Maclay has both the land and the water. His ranch stretches from Old Highway 93 all the way up to the National Forest boundary. And his family holds senior water rights to most of the water in Carlton Lake, a reservoir on the border of the Selway-Bitterroot Wilderness. Ideally, he says, he’d like to build a pipeline from the lake to his snowmaking equipment below.

Maclay says he will “absolutely” go forward with his project regardless of his ability to put lifts into the high country.

“This is still feasible without the Forest Service [land],” says Maclay, standing on a recently cleared spot overlooking the valley, just below where skiers may one day disembark from the chairlift. “Compare it to Whistler—low elevation with snowmaking.”

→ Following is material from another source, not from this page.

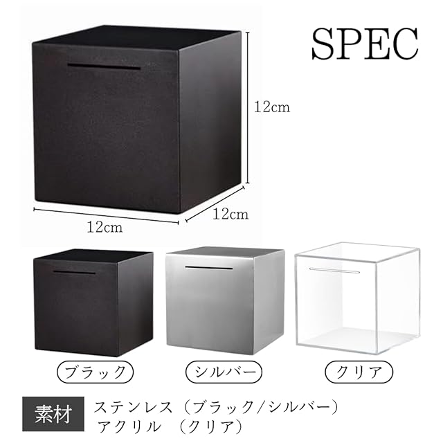 【商品詳細】サイズ:12cm ×12cm × 12cm 素材:ステンレス / アクリル カラー:ブラック/シルバー/クリア ※お金を取り出す際には、ハンマー、軍手、保護メガネをご用意し、安全を最優先に作業してください。・屋外など安全な場所で行うことを推奨します。・大きな音がする可能性がありますので、時間帯を考慮ください。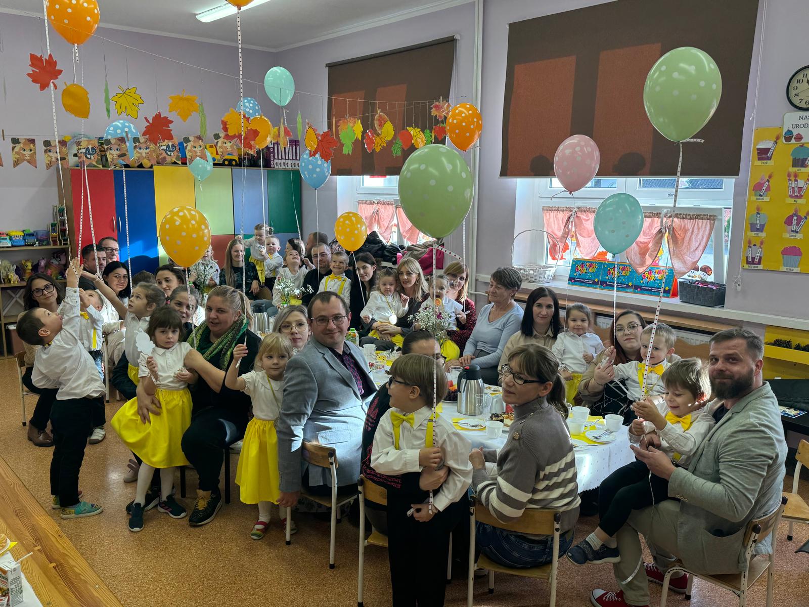 13 listopada był wyjątkowym dniem dla wychowanków Oddziału Przedszkolnego, dniem PASOWANIA NA PRZEDSZKOLAKA. To jedna z najbardziej wzruszających i symbolicznych uroczystości w przedszkolu. Ma niezwykłe znaczenie dla każdego dziecka, gdyż buduje poczucie przynależności do środowiska przedszkolnego, wzmacnia poczucie pewności siebie, pozwala zdobywać nowe doświadczenia oraz przeżywać radość z wspólnego przebywania w gronie najbliższych. Dla dzieci, to pierwszy ważny egzamin w życiu, dla rodziców – moment pełen dumy i emocji, a dla nauczycieli – potwierdzenie, że najmłodsi dobrze odnajdują się w nowym środowisku. Tego dnia dziewięcioro dzieci z trzech grup zostało włączonych do społeczności przedszkolnej, poprzez symboliczny gest pasowania przez panią dyrektor Beatę Kornela. Dzieci otrzymały dyplomy, medale, a także drobne upominki. Przedszkolacy wraz z paniami długo przygotowywali się do tego wydarzenia. Wspólnie uczyli się wierszyków, piosenek oraz tańców. Nie zapominając przy tym o zasadach zachowania podczas występu. Do przygotowań włączyli się również rodzice, którzy pomogli w zorganizowaniu poczęstunku, dzięki czemu, po części artystycznej wszyscy mogli świętować przy wspólnym stole.

Another low-elevation-with-snowmaking comparison drawn from closer to home might be the shuttered Marshall Mountain.

But Maclay clearly hopes that he can convince potential skeptics to allow his resort to reach onto public land. “It’s a bigger opportunity if the community wants it,” he says.

Maclay, along with his small platoon of consultants, will unveil the Bitterroot Resort proposal at community open houses in Missoula and Stevensville sometime in early December. Maclay is also scheduled to speak to the Lolo Watershed Group’s monthly meeting Dec. 15 at the Lolo Community Center.

A draft of the Forest Management Plan for the Bitterroot and Lolo National Forests should be out in spring 2005, at which point the public will have an opportunity to comment.